Data under study:
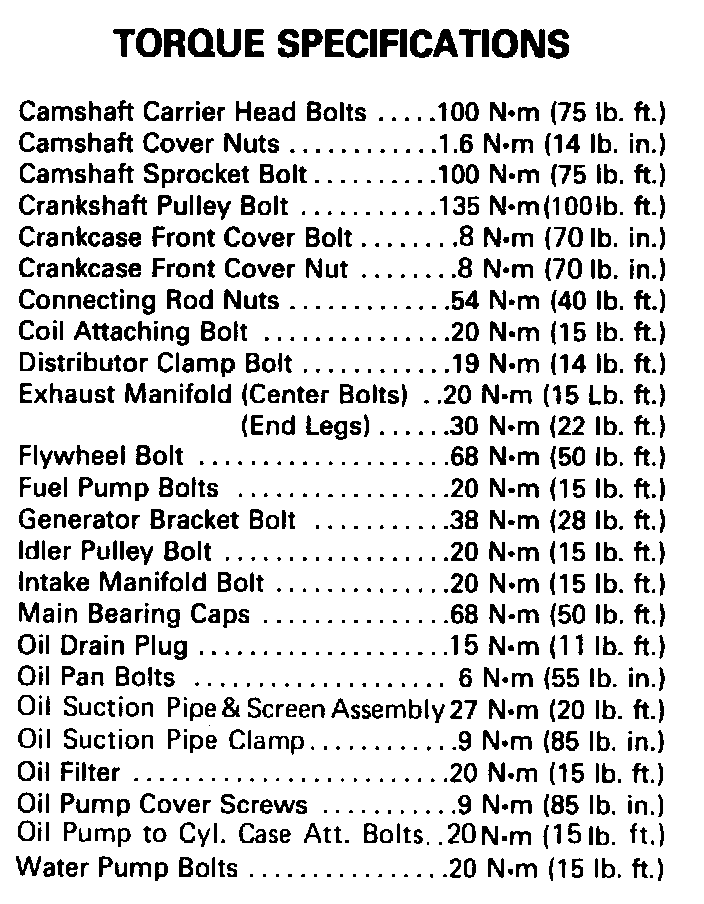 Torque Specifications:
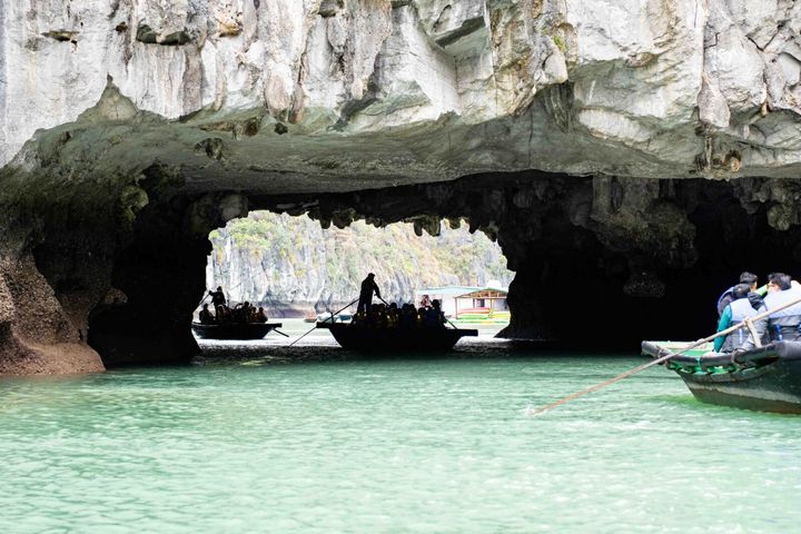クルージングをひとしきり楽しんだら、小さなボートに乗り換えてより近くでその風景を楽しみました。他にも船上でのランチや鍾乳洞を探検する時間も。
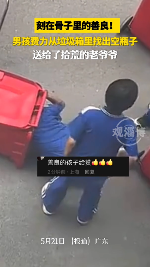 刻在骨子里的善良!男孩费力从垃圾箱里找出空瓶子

==

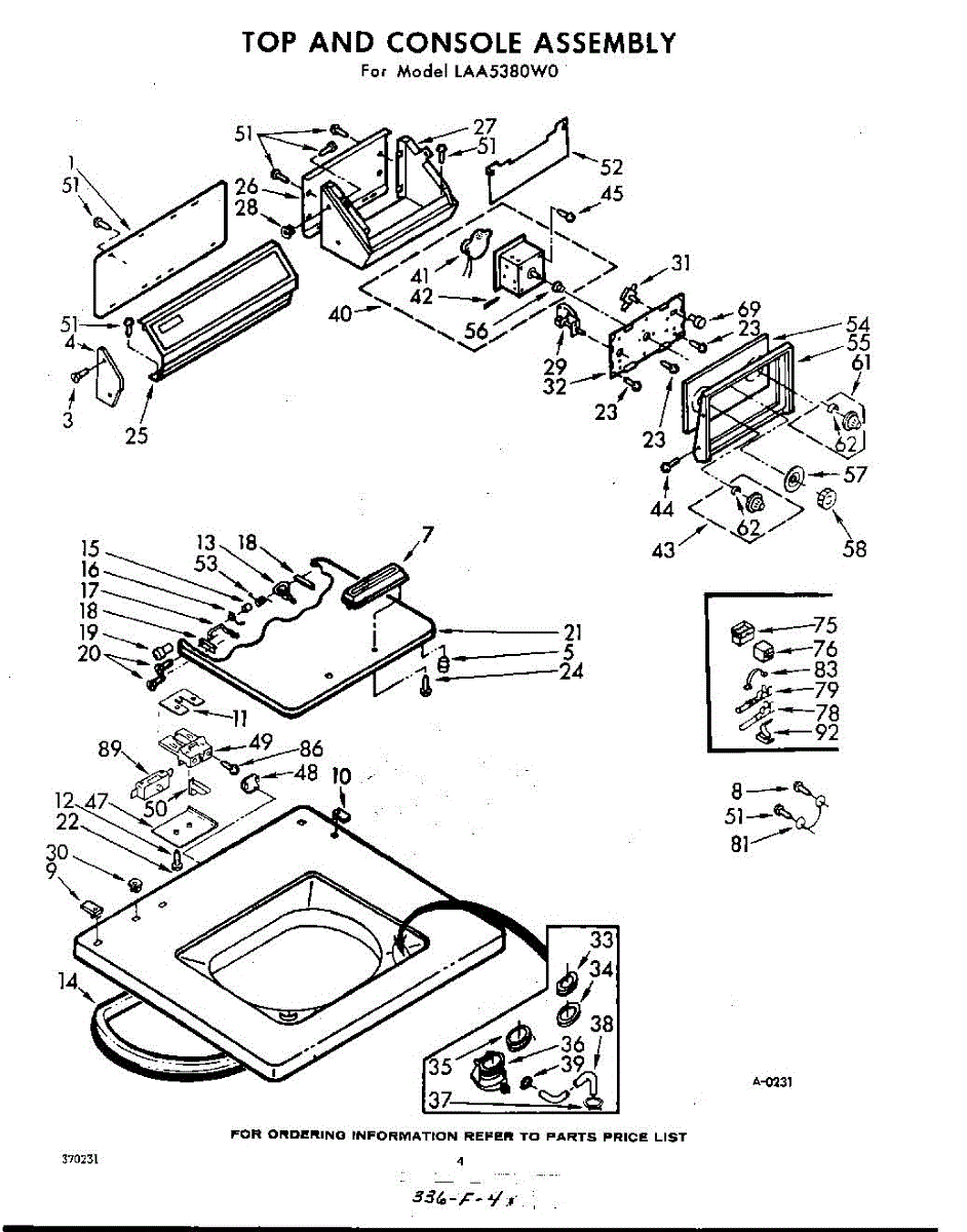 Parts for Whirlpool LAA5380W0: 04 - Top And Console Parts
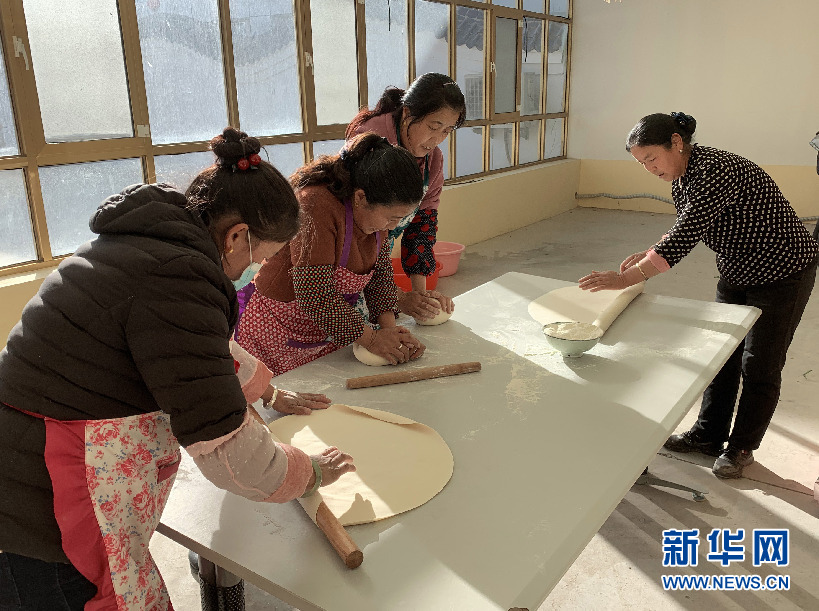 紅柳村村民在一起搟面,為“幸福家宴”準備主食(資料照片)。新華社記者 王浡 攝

Task objective: Start with the line above containing "クルージングをひとしきり楽し" and end with the line containing "刻在骨子里的善良!男孩费力从垃圾箱里找出空瓶子". Set down that stretch exactly, without any pictures.

Response to the exercise:
クルージングをひとしきり楽しんだら、小さなボートに乗り換えてより近くでその風景を楽しみました。他にも船上でのランチや鍾乳洞を探検する時間も。
 刻在骨子里的善良!男孩费力从垃圾箱里找出空瓶子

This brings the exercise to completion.